En déplacement, ils rognent sur tout, faute de soutien
Le manque de moyens les accompagne également sur les compétitions. Non contents de financer leurs déplacements, ils rognent sur tout. « Nous prenons toujours un cuiseur à riz partout avec nous », explique Raviandi. Hébergements bon marché, repas préparés par eux-mêmes, chaque dépense est minutieusement calculée. Malgré cela, leur talent finit par attirer l’attention. En 2022, lors de leur première Coupe du monde – disputée à domicile, à Jakarta – Raviandi atteint la finale de l’épreuve de difficulté et termine dans le Top 8 mondial. Ravianto se classe lui aussi parmi les meilleurs compétiteurs du week-end.
Comment deux grimpeurs issus d’un environnement aussi modeste peuvent-ils rivaliser avec les meilleures nations mondiales ? Le Français Maël Grenier, fait partie de ceux qui sont immédiatement remarqué les frères Ramadhan. Il raconte sa surprise face au niveau des deux Indonésiens et à leur capacité à produire de telles performances avec si peu de ressources. Cette révélation ouvrira la voie à une aventure européenne. À l’été 2023, les deux frères débarquent sur le continent pour participer aux compétitions organisées à Villars, Chamonix et Briançon ainsi qu’au Championnat du Monde de Berne qui se tenait en août. Un projet largement autofinancé grâce à leurs économies, à l’aide de proches et au soutien de la communauté de l’escalade. Las, les deux frères apprennent qu’ils ne pourront pas concourir à Berne… leur fédération a tout simplement oublié de les inscrire à la compétition ! Leur déception est immense.

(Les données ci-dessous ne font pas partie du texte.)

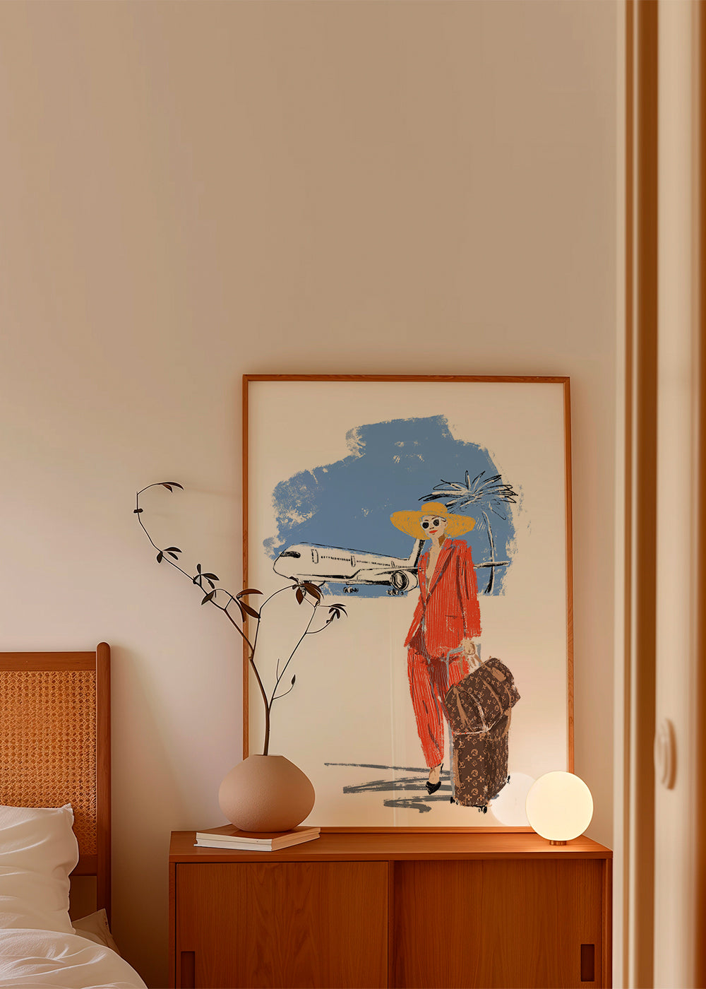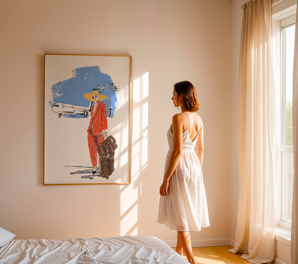 Art that tells. Charming drawing A masterpiece by Ludivine Josephine. Highlighted with reds shades perfect vertical composition. The drawing is simple and clean, so you can pair it with other illustrations for an artistic composition. Upgrade your space with style

Dissidence, un long dévers coté 8C+
Échoués au cœur des vallées de Chamonix, sans plan de secours, sans mentor et avec des moyens limités, ils sont un peu perdus. Mais leur séjour européen ne se résumera pas aux compétitions. La solidarité aidant, ils vont découvrir Dissidence, une ligne mythique de La Balme de Yenne, en Savoie. Cotée 8C+, cette longue voie de près de quarante mètres est réputée pour son intensité physique, ses mouvements exigeants et ses sections à genoux. Reste que pour les jumeaux, elle représente bien davantage qu’un objectif sportif.
Un premier essai les laissera sur leur faim. Il en faudra un deuxième, un an plus tard, pour que la chance leur sourit. Les conditions sont pourtant loin d’être idéales. La voie est humide, envahie par endroits par la mousse. « Cette fois-ci, ça va demander beaucoup plus d’énergie et de force », remarque Raviandi. Pourtant, les deux frères s’acharnent. « Quoi qu’il en coûte, nous devons grimper cette voie », affirme-t-il. Dissidence finira par céder. Tout un symbole. Oubliés le manque d’argent, les voyages improvisés, les déceptions administratives, les entraînements bricolés et les milliers d’heures dédiées à un projet auquel peu de gens semblaient croire.
Mais depuis 2024 le vent commence à tourner. La Fédération indonésienne semble avoir pleinement pris conscience du potentiel des deux grimpeurs. Tous deux ont été davantage intégrés aux programmes internationaux et engagés sur plusieurs compétitions majeures.